Content notes (may contain spoilers):

A Spy Among Friends (2022)

Where to find it: itvX
Length: Six 1-hour episodes
Synopsis: Boring historical fiction about the Cambridge Five
Recommendation rating: 2/5

What I like about it: occasional intriguing conversations, acting
What I don’t like about it: no plot, no pace, no interest

Review:
Like le Carré on sedatives, this imagining of historical MI5 investigations into Kim Philby starts out lost in the weeds and only gets less interesting as it goes. Damien Lewis and Guy Pearce are good but not good enough to carry six hours of slow British spy mystery.

Content notes (may contain spoilers): violence, explosion

Mythic Quest (2020)

Where to find it: Apple TV+
Length: Thirty 30-minute episodes
Synopsis: Workplace comedy about a game developer
Recommendation rating: 3/5

What I like about it: game industry satire, good characters and cast
What I don’t like about it: not very funny or great, can’t figure out its tone

Review:
Mythic Quest is a fictional MMORPG and this show follows the studio which creates it: self-obsessed creative lead Ian (pronounced like ‘iron’, Rob McElhenney), messy lead dev Poppy (Aussie newcomer Charlotte Nicdao), ineffectual producer David (David Hornsby), evil monetiser Brad (Danny Pudi), creative consultant C.W. (F. Murray Abraham), beleagured head of H.R. Carol (Naomi Ekperigin) and testers Dana (Imani Hakim) and Rachel (the multi-talented Ashly Burch), whose cute romance is a highlight.

The satirical workplace comedy is quite good, with some of the satire being so sharp that it’s a wonder they have Ubisoft’s help making this, but once per season they drop this format for a tangentially-related flashback drama episode. It’s a comfortable comedy if you’re in the market for one.

Content notes (may contain spoilers):

The Patient (2022)

Where to find it: Disney+
Length: Ten 25-minute episodes
Synopsis: A psychotherapist is held hostage by a serial killer who demands to be cured
Recommendation rating: 2/5

What I like about it: short episodes, good acting
What I don’t like about it: it’s bad in just about every way, never delivers on its premise

Review:
A grieving therapist (Steve Carell) is visited by a new patient (Domhnall Gleeson) who soon chains him up in his basement. The worst thing is it isn’t even psychologically interesting. It could have been better without the kidnapping; that kind of killed their ability to get any actual therapy done.

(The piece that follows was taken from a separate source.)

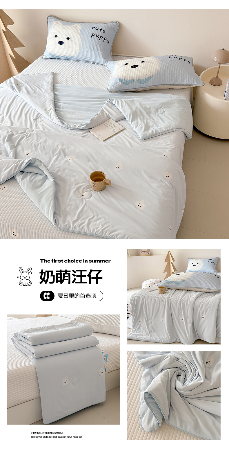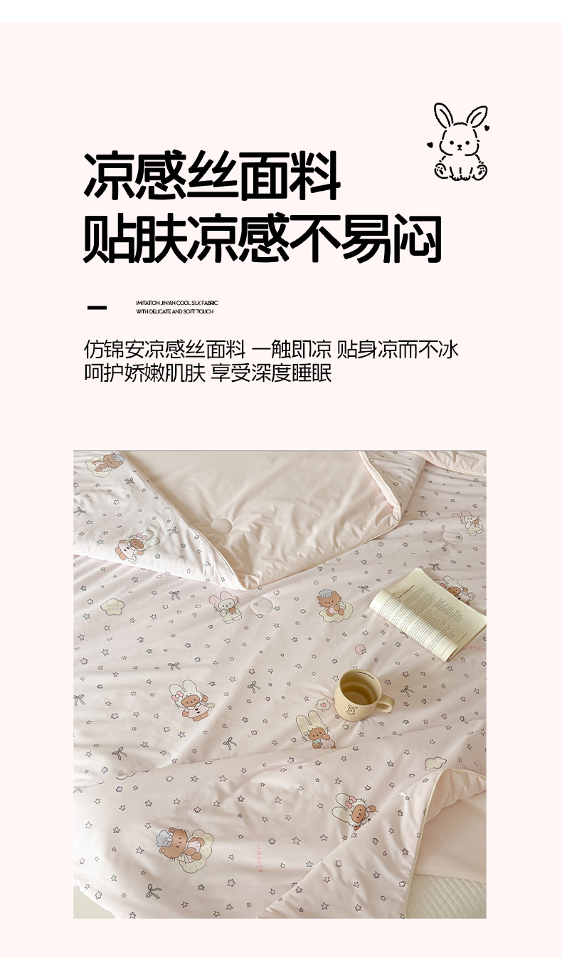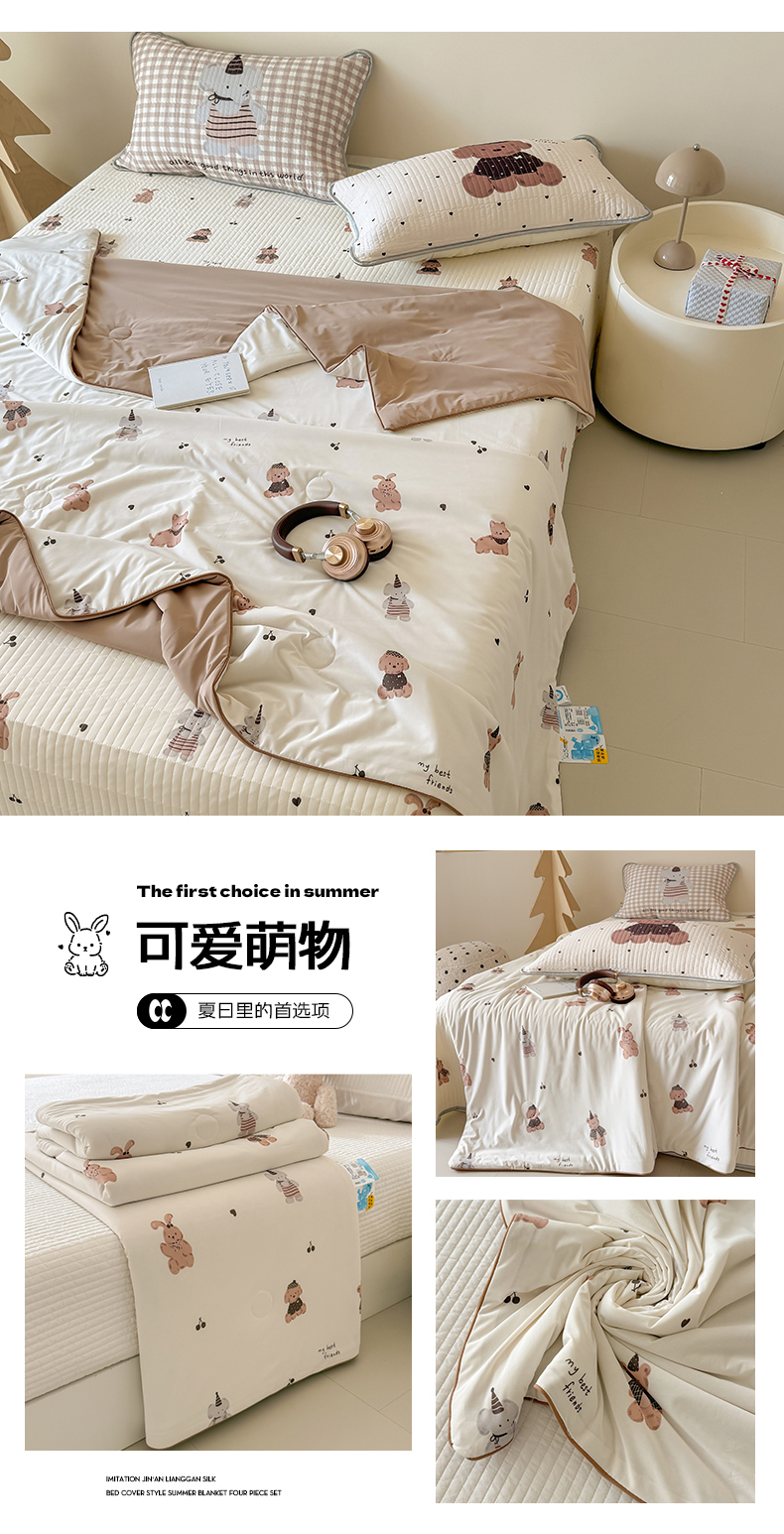 商品名称:吾欢心 2026夏季新款仿锦安凉感丝床盖款夏被四件套可可机洗凉感值大于0.2 可爱萌物

Content notes (may contain spoilers): violence, the holocaust

Welcome to Chippendales (2022)

Where to find it: Disney+
Length: Eight 35-50 minute episodes
Synopsis: Decent drama about dancers
Recommendation rating: 3/5

What I like about it: good acting (especially Bartlett)
What I don’t like about it: drags in the middle, doesn’t say much

Review:
Kumail Nanjiani stars as Steve Banerjee, yuppie founder of a Los Angeles club which became known for male exotic dancing, and Murray Bartlett is Nick De Noia, the never-satisfied choreographer who takes the brand to new heights and incurs Steve’s jealous wrath. It’s a moderately interesting story with plenty of sex, drugs and disco music pulling it along.